The Russian soldiers did all that could or ought to have been done to attain an end worthy of the people, and half of them died in doing it. They are not to blame because other Russians, sitting in warm rooms at home, proposed that they should do the impossible.

All this strange discrepancy between the facts and the accounts of historians, so difficult to understand to-day, arises simply from this, that the historians wrote the history of the noble sentiments and fine speeches of various generals, and not the history of the events themselves.

They attach great consequence to the words of Miloradovitch, to the honours bestowed on this general or that, and the proposals made by them. But the question of the fifty thousand men who lay in the hospitals and graveyards does not even interest them, for it does not come within the scope of their researches.

And yet we have but to turn away from researches among the reports and plans of the generals, and to look into the movements of those hundred thousand men who took direct immediate part in the events; and all the questions that seemed insoluble before can be readily and certainly explained with extraordinary ease and simplicity.

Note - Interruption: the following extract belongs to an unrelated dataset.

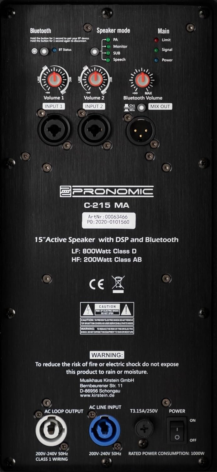 - Woofer: 15" (381 mm), Hochtöner: 1,75" Titanium, SPL: 123 dB, DSP: 48 kHz/24 bit, Klirrfaktor: ≤0,05%
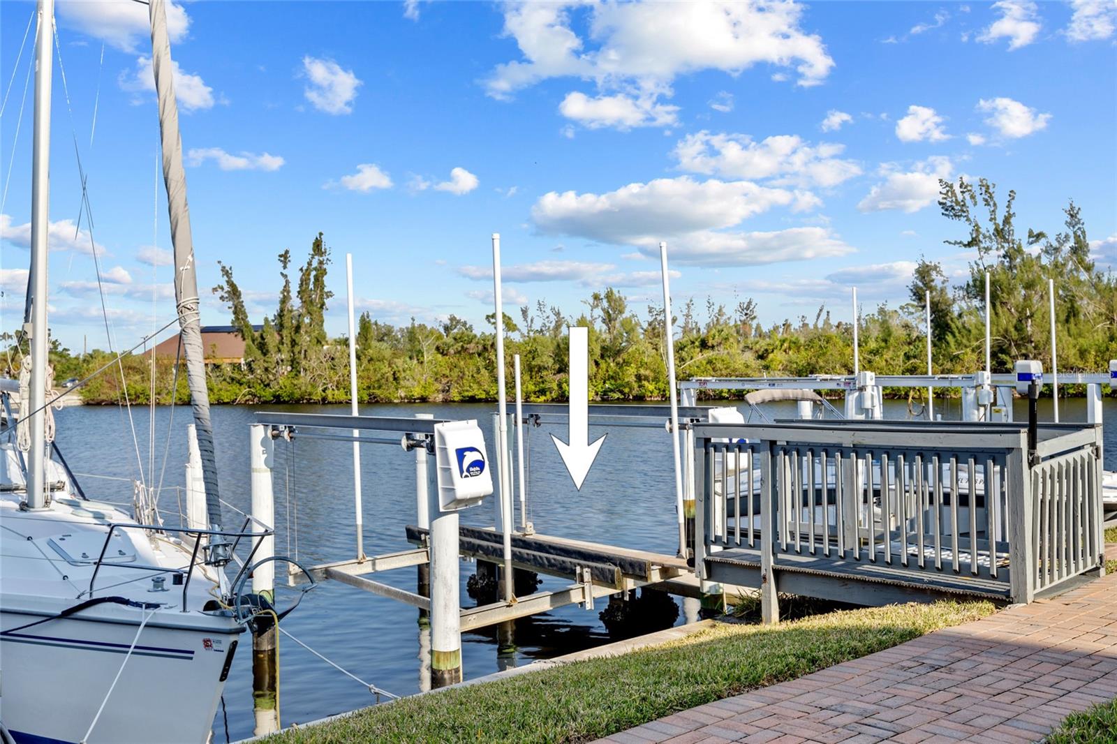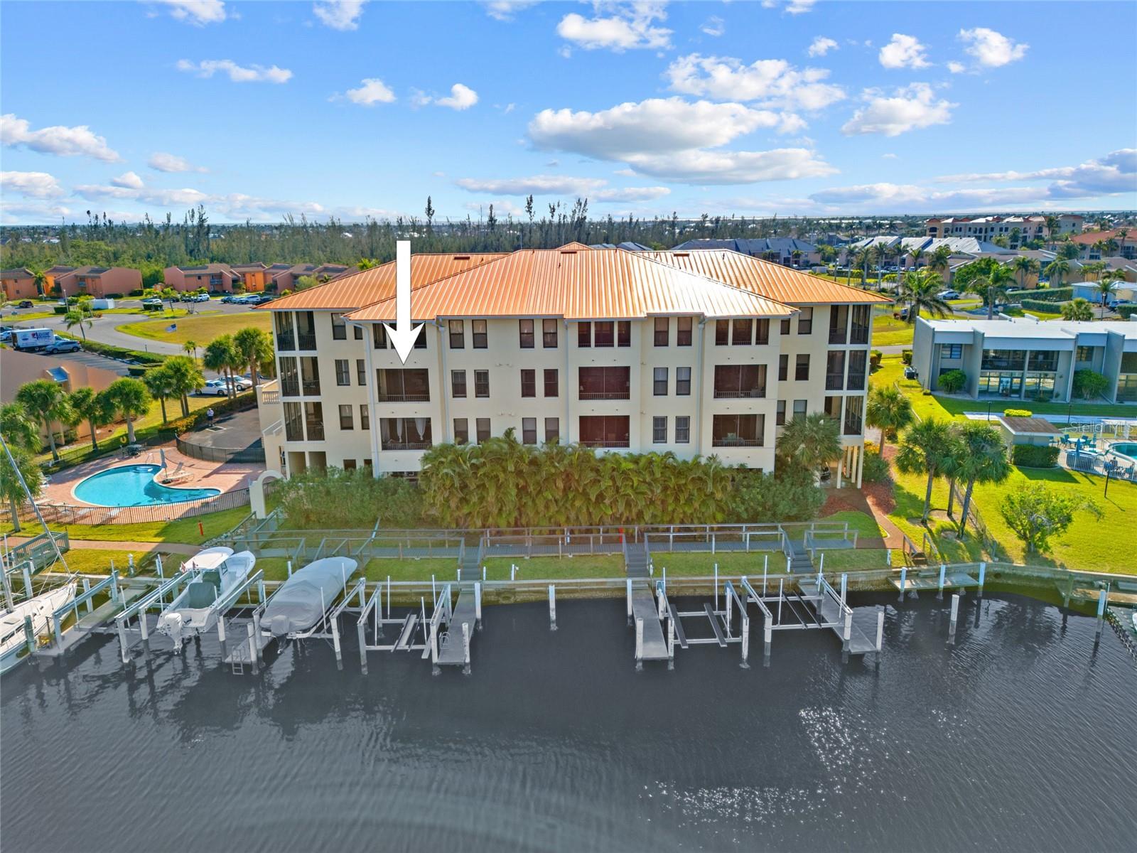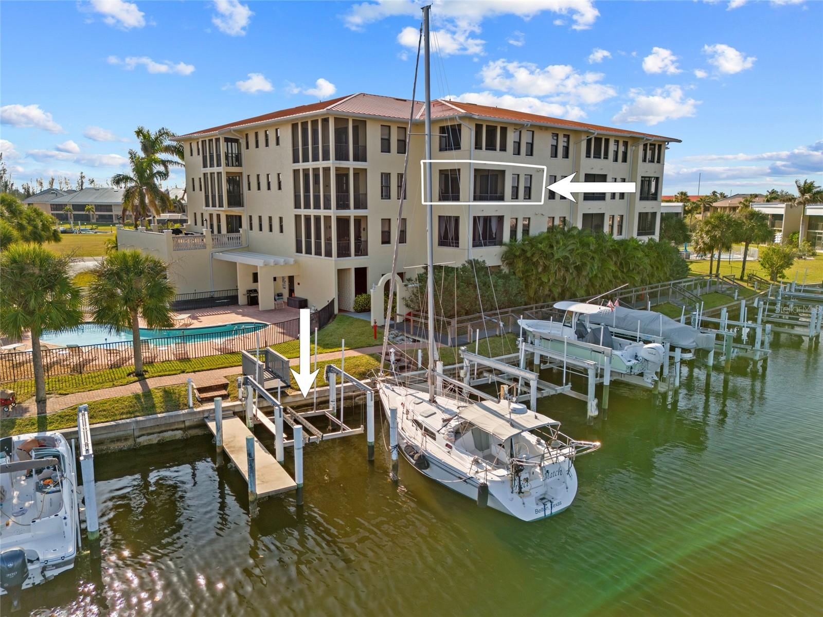 OUTLOOK COVE IN PUNTA GORDA ISLES! ASSIGNED BOAT SLIP AND LIFT WITH SAILBOAT ACCESS TO CHARLOTTE HARBOR LEADING TO THE GULF OF MEXICO! For the avid boater, this this unit includes a fully equipped 7,000lb. boat lift with remote, concrete dock (#12) plus electric and water hook-ups. This beautifully updated 3-bedroom plus den, 2-bath, 3rd floor condo offers 1,813 square feet of modern living space with all the amenities you need for a relaxed Florida lifestyle. Step inside the luxuriously renovated condo to find an open living area with stunning canal views. The kitchen is a chef's delight, featuring high end finishes, granite counters, wood cabinets, tile backsplash, a breakfast bar, pantry, and upgraded stainless appliances Enjoy meals with a view or step out onto your private balcony for a breath of fresh air with wide basin views. The primary suite is a true sanctuary with a walk-in closet and en-suite bathroom that is beautifully renovated featuring stunning luxury tile & flooring, sleek modern vanity with dual sinks, soaking garden tub within the shower and designer lighting. Two additional bedrooms offer plenty of space for guests and the den is perfect for a home office. Stay comfortable year-round with central AC and electric heat, complemented by ceiling fans throughout. This community is packed with perks! Dive into the heated community pool, fire up the barbecue in the designated area, or take advantage of the boating facilities. With two assigned parking spaces under the building, parking is a breeze. Plus, there's an additional storage locker provided, elevator access and handicap features for added convenience. Pets are welcome with conditions, so bring your furry friends along! Conveniently located within minutes of historic downtown Punta Gorda featuring quaint shops, fine & casual dining, an array of nightlife, and don't forget the beautiful new Sunseeker Resort just across the Harbor! Don't miss out on this slice of paradise! Schedule your private showing today!

The plan of cutting off Napoleon and his army never existed save in the imagination of some dozen men. It could not have existed because it was absurd and could not be carried out.

The people had a single aim: to clear their country of the invaders. That aim was effected primarily of itself, since the French were flying, and all that was necessary was not to check their flight. It was promoted, too, by the irregular warfare kept up by the people destroying the French army piecemeal; and thirdly, by the great Russian army following in the rear of the French, ready to use force in case there were any pause in their retreat.

The Russian army had to act as a whip urging on a fleeing animal. And the experienced driver knew that it was better to keep the whip raised as a menace than to bring it down on the creature’s back.